Full Length Research Paper
Abstract
Multi-drug resistant (MDR) Klebsiella pneumoniae has been associated with different types of infections and the most important aspect is the emergence of MDR strains particularly in hospitalized children. They have the proficiency to cause bacteremia, septicemia and urinary tract infections (UTI). The objective of this study was to determine the susceptibility of MDR K. pneumoniae causing UTI in children. One thousand and fifteen (1015) urine samples were collected aseptically. Specimens were cultured on blood agar, MacConkey agar and cysteine lactose electrolyte deficient (CLED) agar. Antimicrobial susceptibility was determined using Kirby-Bauer disc diffusion method as per CLSI 2011 guidelines. Of the 1015 urine specimens, 230 (22.6%) were positive for bacterial growth.
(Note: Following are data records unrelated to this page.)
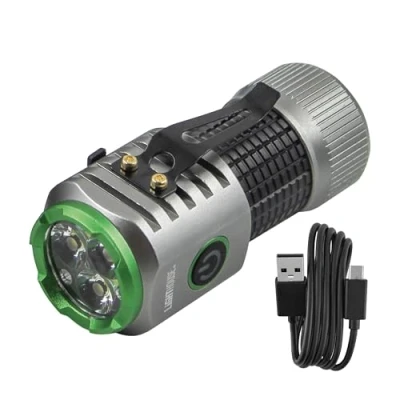 ManoManoGeneral description The Lighthouse Mini Torch provides powerful illumination in the palm of your hand. Designed for outdoor adventures, emergency situations, or everyday tasks around the home, this torch combines portability with performance. With an impressive output of 1000 lumens, it delivers a remarkable beam distance of up to 110 metres. Weighing just 100 grams, it easily fits in your pocket or clips onto your bag, making it incredibly convenient for on-the-go use. The torch features four versatile light modes: 25%, 50%, 100%, and the high-intensity TURBO mode, allowing you to adjust the brightness to your needs. Powered by a robust 700mAh Li-ion battery, it offers an impressive run time of up to 10.5 hours on a single charge, ensuring you have reliable light whenever you need it. Designed for durability, the aluminium alloy body is built to withstand the rigours of everyday use while providing resistance to knocks and drops. Plus, the handy charge indicator keeps you informed of
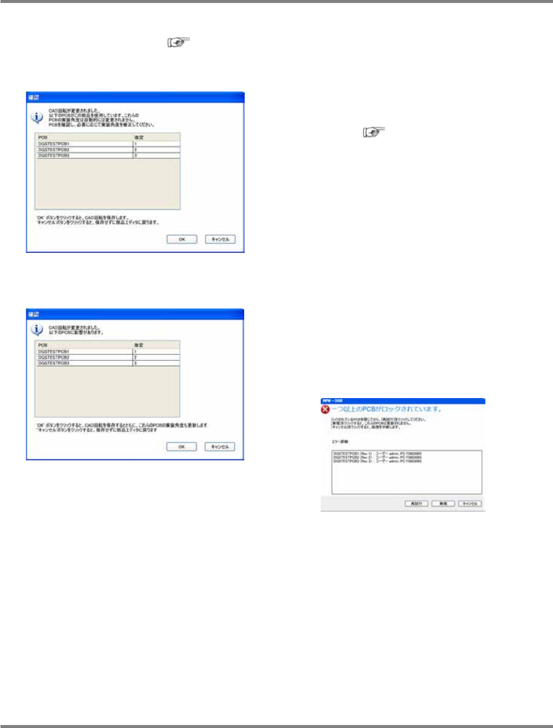 NPM-DGS 程序手册 6.5 添加新的元件 Page 6-86 EJS9AC-MB-06P-08 CAD 旋转变更时的确认对话框 在环境设定的 DGS 设定下, 当勾选了 ‘CAD 旋转变更时显示确认画面 ’ 时, 将显示下述画面。 关于 DGS 设定,请参照 ‘3.2.3 DGS 设定 ■关于 CAD 旋转 ’ 。 ① 当设定了 ‘PCB 导入时适用 ’ 时 将以一览方式显示使用变更后元件 的 PCB 。变 更虽然会反映到…
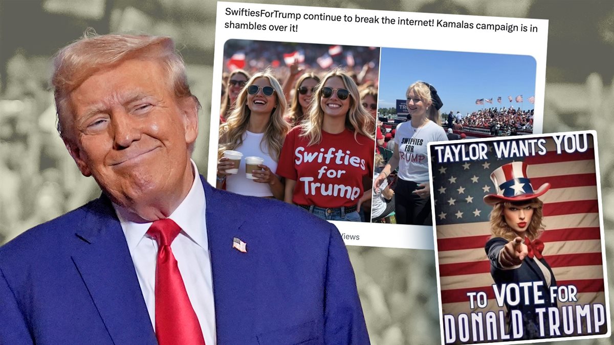 أعرب ترامب عن رأيه في سويفت خلال حملة انتخابات 2024 بعد تأييدها لمنافسته كامالا هاريس، وجاء ذلك بعد أن نشر الرئيس صورًا بالذكاء الاصطناعي لسويفت تبدو وكأنها تؤيده، وهو ما علقت عليه مغنية البوب: "لقد أثارت هذه الصور مخاوفي بشأن الذكاء الاصطناعي، ومخاطر نشر المعلومات المضللة. لقد أوصلتني إلى استنتاج مفاده أنني بحاجة إلى التحلي بشفافية تامة بشأن خططي الفعلية لهذه الانتخابات كناخبة. إن أبسط طريقة لمكافحة المعلومات المضللة هي الحقيقة".
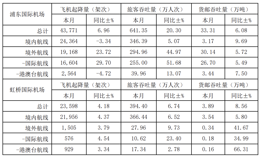 虹桥国际机场飞机起降量总计2.36万架次,同比增长4.18%;旅客吞吐量394.40万人次,同比增长6.74%;货邮吞吐量3.89万吨,同比增长8.56%。
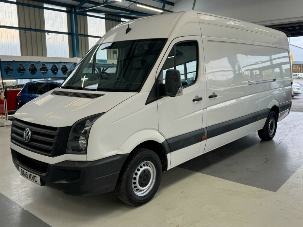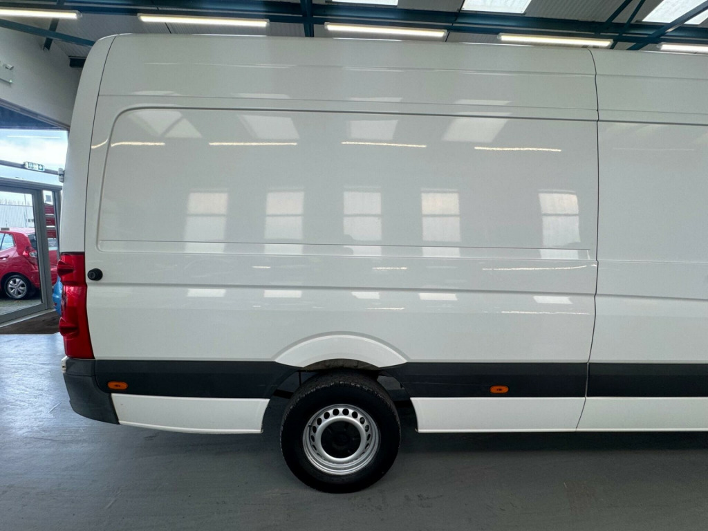This Long wheel base 2015 Volkswagen Crafter presents an exceptional opportunity with its remarkably low mileage of just 59,000 miles, especially considering its age, and has been owned by only one careful owner from new. This 2.0 TDI CR35 L3 H3 4dr model is equipped with a reliable 2.0 litre diesel engine and boasts a clear vehicle history check, offering peace of mind. Notable features include an entry grab handle on the rear pillar for easier access, 6.5Jx16 inch steel wheels fitted with 235/65 R16C tyres, and comfortable Tasamo fabric seat covers in Anthracite. The interior is enhanced with an interior light, and the practical passenger side sliding door further adds to its usability.Sold with 12 Months Mot on sale, 3 Months Warranty, Fully Serviced. Cam belt changed, Ready to go.The Volkswagen Crafter stands out due to its combination of a single owner history and very low mileage, only used for local private plumbing jobs. Very superior to the newer adblue models. Last of the stronger VW Vans. Very low miles suggesting it has been well looked after and used sparingly. The inclusion of the passenger side sliding door and the rear grab handle are practical additions that enhance the everyday functionality of this vehicle. These elements, alongside its robust 2.0 litre diesel engine and the comprehensive vehicle history check, position this Crafter as a superior choice for those seeking a dependable and well maintained commercial vehicle. v socket, 270 degree rear wing door, 6.5jx16in steel wheels with 235/65 r16c tyres, anti - lock braking system (abs) with electronic brake assist (eba), bluetooth, centre high-mounted stop light, digital clock, drivers airbag, drivers seat armrest, drivers seat wit height, reach and rake adjustment, dual passenger seat with storage box and folding tray in backrest, electric front windows, electrically adjustable and heated door mirrors, electronic brakeforce distribution (ebd), electronic differential lock (edl), electronic stabilisation programme (esp), engine immobiliser, entry grab handle - on rear pillar, rear right, full-height steel bulkhead without window, full-size spare wheel, height-adjustable head restraints, interior light, manual heating with charcoal filter and air recirculation, multi-function steering wheel with multi-function display, passenger-side sliding door, power steering, rsd 4000 radio/audio interface, rear wing doors with 270 degrees hinges, remote central locking with two remote keys, steering wheel with reach and rake adjustment, tool kit and jack, traction control system (tcs), two folding and pivoted sun visors, upholstery - tasamo fabric seat cover (anthracite)
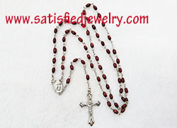 Material: plastic beads + iron rings + Alloy pendant Size: 6x4mm wood beads, middle alloy pendant size is 17.7x13mm, the below cross pendanty size is 40.4x24.6mm, total length is 50cm, only the chain length is 71cm MOQ: 2000pcs/color Delivery time: 10days
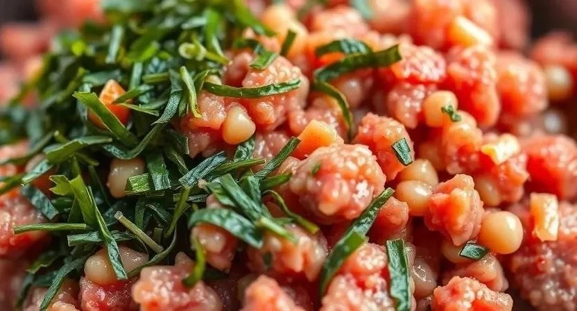 - Смешайте фарш с ингредиентами: в большой миске соедините говяжий фарш, лук, чеснок, яйцо, соевый соус, панировочные сухари, соль, перец и измельченные водоросли. Тщательно перемешайте все ингредиенты до однородной массы.
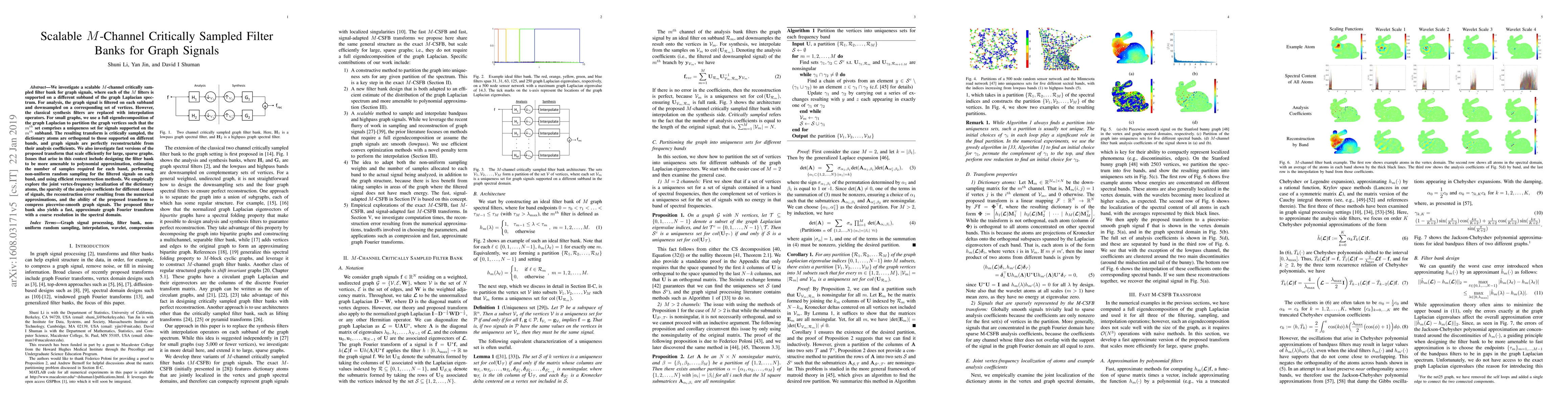 We investigate a scalable $M$-channel critically sampled filter bank for graph signals, where each of the $M$ filters is supported on a different subband of the graph Laplacian spectrum. For analysis, the graph signal is filtered on each subband and downsampled on a corresponding set of vertices. However, the classical synthesis filters are replaced with interpolation operators. For small graphs, we use a full eigendecomposition of the graph Laplacian to partition the graph vertices such that the $m^{th}$ set comprises a uniqueness set for signals supported on the $m^{th}$ subband. The resulting transform is critically sampled, the dictionary atoms are orthogonal to those supported on different bands, and graph signals are perfectly reconstructable from their analysis coefficients. We also investigate fast versions of the proposed transform that scale efficiently for large, sparse graphs. Issues that arise in this context include designing the filter bank to be more amenable to polynomial approximation, estimating the number of samples required for each band, performing non-uniform random sampling for the filtered signals on each band, and using efficient reconstruction methods. We empirically explore the joint vertex-frequency localization of the dictionary atoms, the sparsity of the analysis coefficients for different classes of signals, the reconstruction error resulting from the numerical approximations, and the ability of the proposed transform to compress piecewise-smooth graph signals. The proposed filter bank also yields a fast, approximate graph Fourier transform with a coarse resolution in the spectral domain.

Out of these positive cultures predominantly Gram-negative rods (90%) were isolated and major pathogens were K. pneumoniae (40%) and Escherichia coli (33%). Antimicrobial susceptibility pattern of K. pneumoniae showed that more than 70% of these pathogens were resistant to cephalosporins, 69% to ciprofloxacin and amoxicillin-clavulanic acid and 63% to norfloxacin and nalidixic acid while most effective drugs were pipracillin-tazobactam and meropenem. This study concludes that MDR-K. pneumoniae is a great threat particularly in children in our locality.
Key words: Multi-drug resistant (MDR), Klebsiella pneumoniae, children, antimicrobial resistance (AMR).